In the scenario presented, a fundamental structural change of the ecosystem at the level of primary production takes place in key stage 3: the replacement of phytoplankton by macrophytes. If the cause of these changes is related to a warming of the water temperature in winter, there are two explanations for this process. The first is the energy effect mentioned above. Phytoplankton production doubles with every 10 degree increase in water temperature69. Under conditions with higher water temperatures in winter and a "flattening" to about 10 degrees difference in water temperature during the year in the Warm Lakes, algal growth would be twice as low as under natural conditions with an annual water temperature amplitude of about 20 degrees in the Cold Lakes (Fig. 1). Lower production and changes in phytoplankton structure as well as a weakening of algal blooms were observed in the waters of Lake Baikal during ice-free winters, i.e. warmer than during typical ice cover in this climate30.

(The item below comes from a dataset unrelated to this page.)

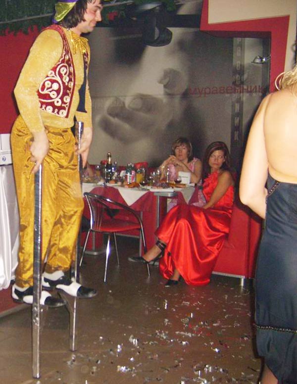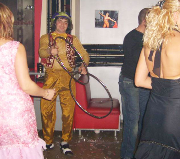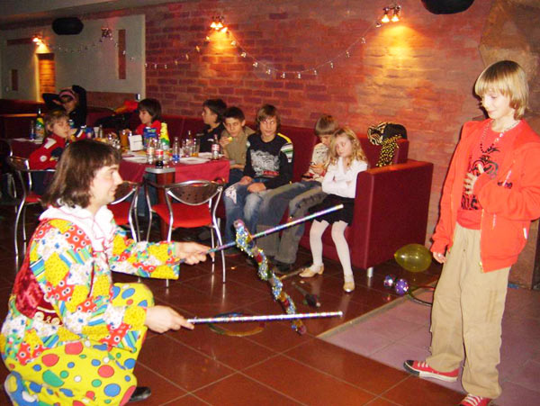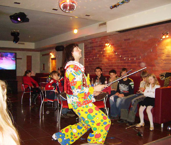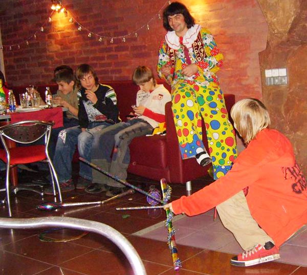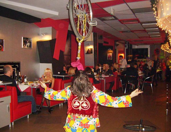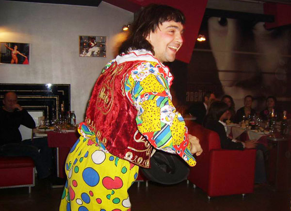 Клоун успевает не только менять свои концертные костюмы и выступать, но и развлекать гостей ресторана, как в двух залах второго этажа, так и на первом этаже, где новый год празднуют дети.

The observation that is probably related to the phenomenon described and has an impact on the reduction of phytoplankton biomass could be an increase in algal feeding by zooplankton (e.g. copepods) due to an increase in their metabolic rate as water temperature increases70. This factor, indicated by global models of changes in phytoplankton biomass due to climate warming and constant oceanic waters, could be the cause of the inhibition of growth of this important component of oceanic primary production71. Another reason for the inhibition of phytoplankton (e.g. cyanobacteria) growth could be a disturbance of stoichiometric relationships in the form of limited availability of phosphorus relative to nitrogen for cyanobacteria72 in the nutrient-phytoplankton feedback loops73. In the context of this study, we do not have access to hydrochemical data from an early stage of thermal alteration in the reservoirs.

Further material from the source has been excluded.